§ **What is required**
Write the records out exactly as they read, but not the pictures.

-- Exercise data follows --

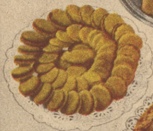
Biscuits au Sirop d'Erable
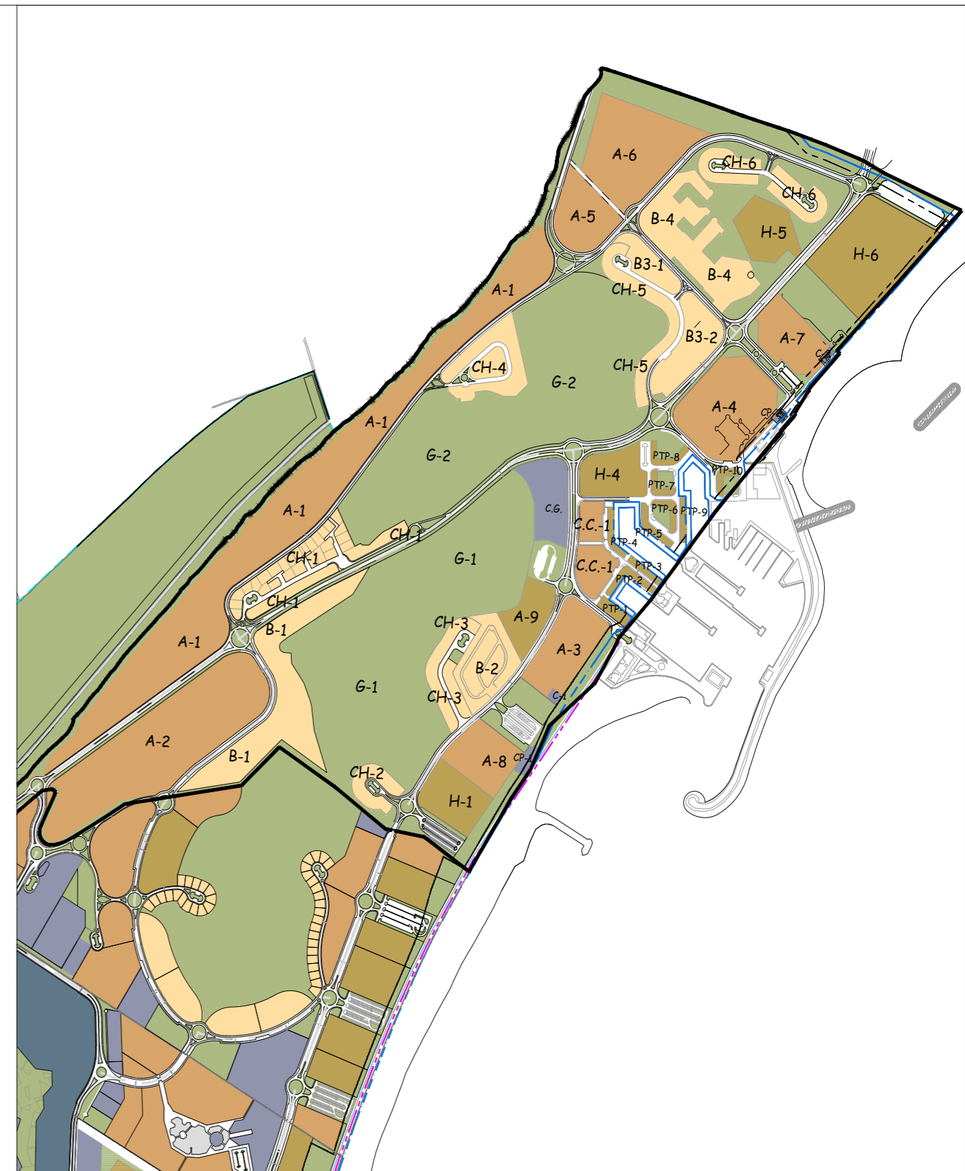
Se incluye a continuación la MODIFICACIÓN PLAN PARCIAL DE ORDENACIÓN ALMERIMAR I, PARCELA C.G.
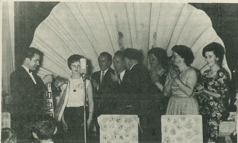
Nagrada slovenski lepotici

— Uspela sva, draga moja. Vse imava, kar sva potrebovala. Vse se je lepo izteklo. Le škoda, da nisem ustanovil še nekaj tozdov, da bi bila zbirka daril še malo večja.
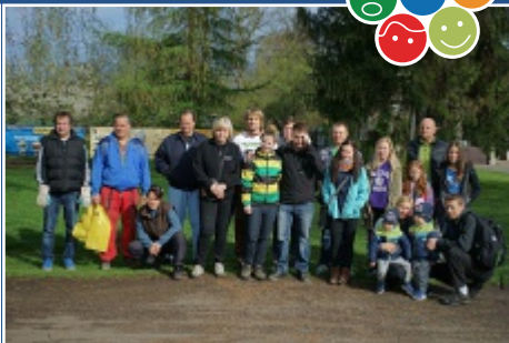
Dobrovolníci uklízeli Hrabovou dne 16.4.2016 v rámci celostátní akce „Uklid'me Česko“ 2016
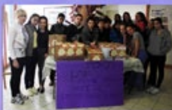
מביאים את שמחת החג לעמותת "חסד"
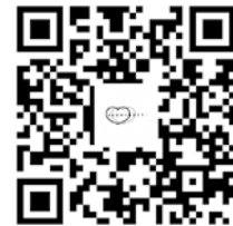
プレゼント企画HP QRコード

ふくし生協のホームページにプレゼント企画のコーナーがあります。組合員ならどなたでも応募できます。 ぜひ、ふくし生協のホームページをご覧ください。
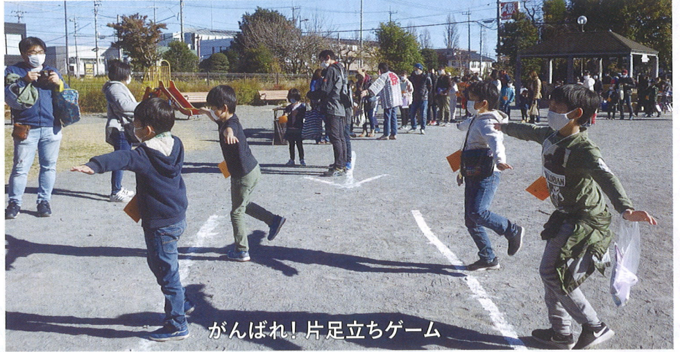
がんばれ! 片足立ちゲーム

-- Exercise data concluded --

§ **Result below**
Biscuits au Sirop d'Erable
Se incluye a continuación la MODIFICACIÓN PLAN PARCIAL DE ORDENACIÓN ALMERIMAR I, PARCELA C.G.
Nagrada slovenski lepotici

— Uspela sva, draga moja. Vse imava, kar sva potrebovala. Vse se je lepo izteklo. Le škoda, da nisem ustanovil še nekaj tozdov, da bi bila zbirka daril še malo večja.
Dobrovolníci uklízeli Hrabovou dne 16.4.2016 v rámci celostátní akce „Uklid'me Česko“ 2016
מביאים את שמחת החג לעמותת "חסד"
プレゼント企画HP QRコード

ふくし生協のホームページにプレゼント企画のコーナーがあります。組合員ならどなたでも応募できます。 ぜひ、ふくし生協のホームページをご覧ください。
がんばれ! 片足立ちゲーム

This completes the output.